©"Заметки по еврейской истории"
июль 2016 года

Лея Гольдберг

Лея Гольдберг

Сонеты

Перевод и предисловие Адольфа Гомана

История сонета – удивительный пример живучести и распространения поэтической формы. Из нескольких стихотворений, написанных группой чиновников короля Сицилии Фридриха Второго (1194-1250), кочевавшей по Италии в начале XIII века, вырос жанр, охвативший многие страны и языки, успешно развивающийся в течение сотен лет в практическом и теоретическом плане в разных стилях – от возвышенного «сладостного» до вульгарно-иронического. Сонет – идеальное средство выражения одномоментного переживания.

Родной язык сонета – итальянский, а вторым стал иврит. Уже около 1300 года современник Данте Иммануэль Римский (Иммануэль Шломо Йекутиэль Ацифрони) (ок. 1265-1335) – поэт, писатель, врач, лингвист, религиозный философ, словом, человек Возрождения, собрал написанные им 38 сонетов в «Тетради», дошедшие до наших дней и многократно издававшиеся, начиная с 1492 г. Опередив Франческо Петрарку (1304-1374), сделавшего сонет достоянием всеевропейской культуры, Иммануэль Римский использовал «законы» формы, ставшие потом классическими. С тех пор ивритский сонет не прекращал своего развития с учётом специфики языка и традиций ивритской литературы.

В начале ХХ века Шауль Черниховский придал новый импульс этому развитию, подчёркивая такие свойства сонета как сжатость, концентрацию мысли, педантичную, но гибкую структуру, приятное для слуха звучание и парадоксальность. Но одновременно возникли и возражения. Так, например, Ури Цви Гринберг и Авраам Шлёнский считали эту форму чужеродной для ивритской поэзии и несвоевременной в свете стоящих перед ивритской литературой задач.

Тем не менее многие ивритские поэты успешно пользовались сонетом (Фихман, Равикович, Амихай, Авидан и др.).
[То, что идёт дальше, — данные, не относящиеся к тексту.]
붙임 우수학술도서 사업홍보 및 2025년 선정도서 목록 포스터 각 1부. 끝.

Большой вклад в развитие ивритского сонета внесла Лея Гольдберг, написавшая несколько десятков стихотворений в этом жанре, в том числе несколько циклов, лучшим из которых по праву считается «Любовь Терезы дё Мюн» (1952). Кроме того, Гольдберг перевела на иврит сонеты Петрарки и написала несколько теоретических работ по этой теме.
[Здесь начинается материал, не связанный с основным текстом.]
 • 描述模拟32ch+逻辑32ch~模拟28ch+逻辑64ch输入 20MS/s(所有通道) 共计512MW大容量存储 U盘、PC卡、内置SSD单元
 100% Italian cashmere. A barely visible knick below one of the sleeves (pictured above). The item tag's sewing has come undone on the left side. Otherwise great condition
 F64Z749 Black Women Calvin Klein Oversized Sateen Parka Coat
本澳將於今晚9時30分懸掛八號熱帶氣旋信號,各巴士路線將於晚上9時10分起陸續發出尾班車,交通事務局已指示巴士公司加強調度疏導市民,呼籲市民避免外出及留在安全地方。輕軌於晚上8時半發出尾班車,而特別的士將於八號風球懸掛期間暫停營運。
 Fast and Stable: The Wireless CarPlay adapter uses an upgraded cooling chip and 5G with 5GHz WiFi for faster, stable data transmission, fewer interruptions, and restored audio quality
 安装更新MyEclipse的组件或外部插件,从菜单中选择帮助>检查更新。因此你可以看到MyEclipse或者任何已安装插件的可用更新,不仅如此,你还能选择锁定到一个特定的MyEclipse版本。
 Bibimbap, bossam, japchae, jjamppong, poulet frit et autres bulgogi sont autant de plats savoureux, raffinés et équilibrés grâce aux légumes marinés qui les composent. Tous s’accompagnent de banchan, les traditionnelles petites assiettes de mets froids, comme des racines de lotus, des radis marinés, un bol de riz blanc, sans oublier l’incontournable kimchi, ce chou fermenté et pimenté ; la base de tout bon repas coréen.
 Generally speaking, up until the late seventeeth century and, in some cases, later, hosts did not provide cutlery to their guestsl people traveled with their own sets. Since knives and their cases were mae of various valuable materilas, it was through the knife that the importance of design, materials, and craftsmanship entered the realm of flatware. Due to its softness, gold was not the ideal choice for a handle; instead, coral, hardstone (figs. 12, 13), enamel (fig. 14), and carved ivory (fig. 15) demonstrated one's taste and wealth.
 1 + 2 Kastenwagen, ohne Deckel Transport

Сама она так определила ситуацию в интервью:

«Откуда у меня тяга к классическим формам, закрытым и точным, да ещё в период мятежа против законов формы и рифмы? Я никогда не считала, что искусство – это вседозволенность. По мне, символ искусства – умение грациозно нести тяжёлую ношу… Я часто пользуюсь сонетом. Это очень трудная и очень лёгкая форма. Быть может, именно потому, что легко в ней сотворить что-нибудь гладкое, но лишённое всякого смысла, она стимулирует поэта наполнить её глубоким содержанием, сказать что-то новое. И при этом быть очень точным: действительно ли каждое слово на своём месте? Нет стихотворения более уязвимого для пустого или лишнего слова, чем сонет. В сонете я чувствую себя наиболее свободной, а вопрос о моде интересует меня меньше всего… И, кроме того, есть у меня ощущение, что именно в период, когда человек опасается разрушения, он стремится опереться на устоявшиеся традиционные формы… Искусство, даже если оно описывает разрушение, должно быть ему преградой».

1.

Воспевание любимого человека в сонетах всегда было делом мужчин. Изумительные сонеты Петрарки вызвали к жизни традицию, сродни поэзии трубадуров, иногда доходившую до «павлиньего» красования своими неистовыми переживаниями. Сонеты Леи Гольдберг – драмы, озвученные влюблённой женщиной. Они полны напряжения, особенно хорошо передаваемого сонетной формой, где тезе первой части (два четверостишья, катрена) противопоставляется драматическая антитеза второй части (обычно, два терцета). Как правило, Гольдберг соблюдает правила рифмовки классического итальянского сонета в первом катрене полностью, а во втором – частично. Это создаёт единство всего цикла и, в то же время, предоставляет автору большую свободу. Ощущение единства цикла не исчезает, даже когда в некоторых сонетах отклонение от классической рифмовки становится значительным (впрочем, никогда сонет не следовал всему набору правил, с которым связано представление об этом жанре).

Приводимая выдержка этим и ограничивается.